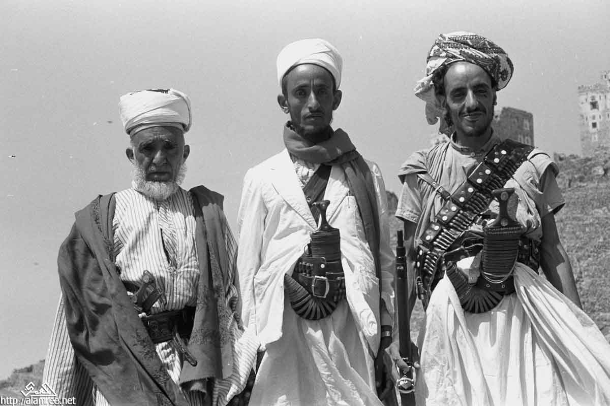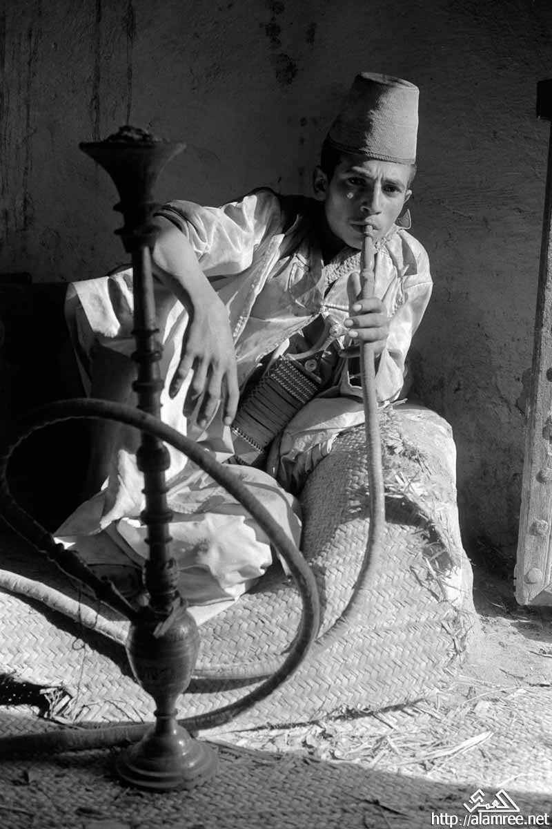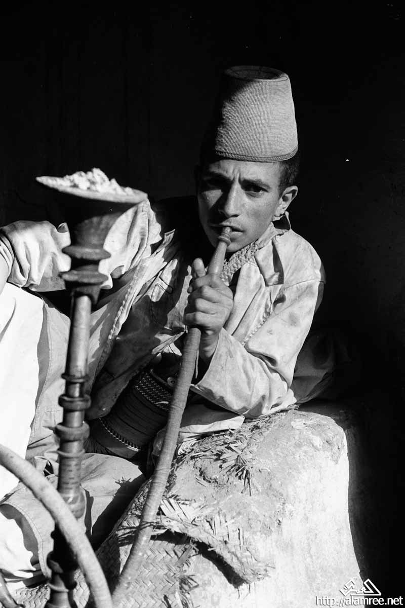 صورة لشاب، ويجلس على كرسي، وهو يرتدي قبعة مخروطية مضفورة (نموذجي للمنطقة تهامة اليمن)، وتدخين النرجيلة.
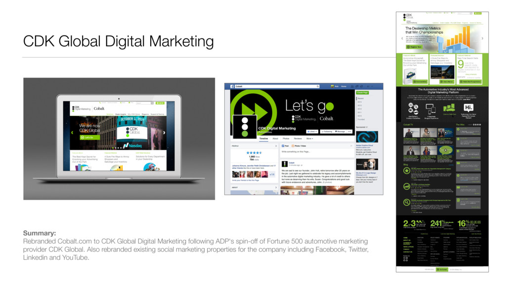 Global Digital Marketing following ADP's spin-off of Fortune 500 automotive marketing provider CDK Global. Also rebranded existing social marketing properties for the company including Facebook, Twitter, Linkedin and YouTube.
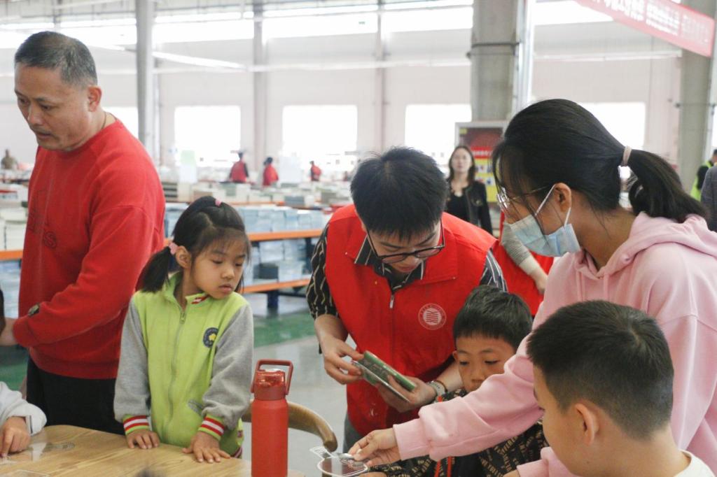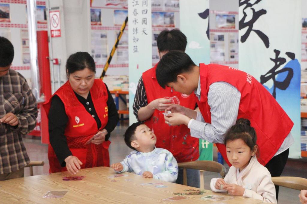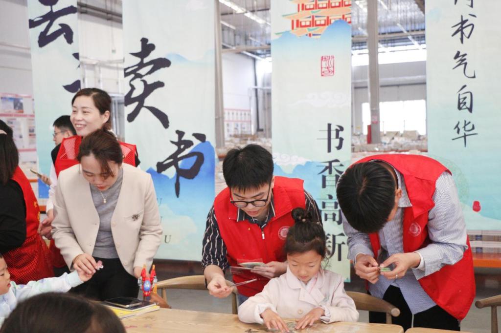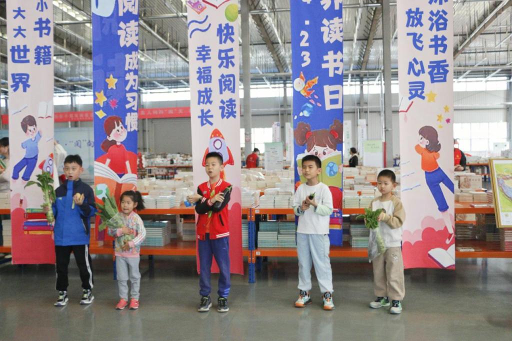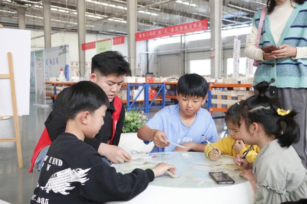 活动伊始,小朋友们在入场处有序排队签到,通过背诵诗词领取书籍。本次活动分为漂流书局-儿童跳蚤市集、以书换蔬、民族故事阅读盲盒、创意书签设计、垃圾分类体验、拼贴诗、赠子春天、与书相约、我与书籍合个影九部分,小朋友们在志愿者们的带领下依次参加活动。活动现场热闹非凡,小朋友们通过一书换一书,旧书换新友,以书换蔬,给市集带来鲜活温度,将书籍的文化精神传递给每一位参与者。

WHAT YOU WILL DO -
Retype exactly the lines above, starting at the line containing "Global Digital Marketing" and ending with the last line, both included; leave out the pictures.

YOUR RESPONSE -
 Global Digital Marketing following ADP's spin-off of Fortune 500 automotive marketing provider CDK Global. Also rebranded existing social marketing properties for the company including Facebook, Twitter, Linkedin and YouTube.
 活动伊始,小朋友们在入场处有序排队签到,通过背诵诗词领取书籍。本次活动分为漂流书局-儿童跳蚤市集、以书换蔬、民族故事阅读盲盒、创意书签设计、垃圾分类体验、拼贴诗、赠子春天、与书相约、我与书籍合个影九部分,小朋友们在志愿者们的带领下依次参加活动。活动现场热闹非凡,小朋友们通过一书换一书,旧书换新友,以书换蔬,给市集带来鲜活温度,将书籍的文化精神传递给每一位参与者。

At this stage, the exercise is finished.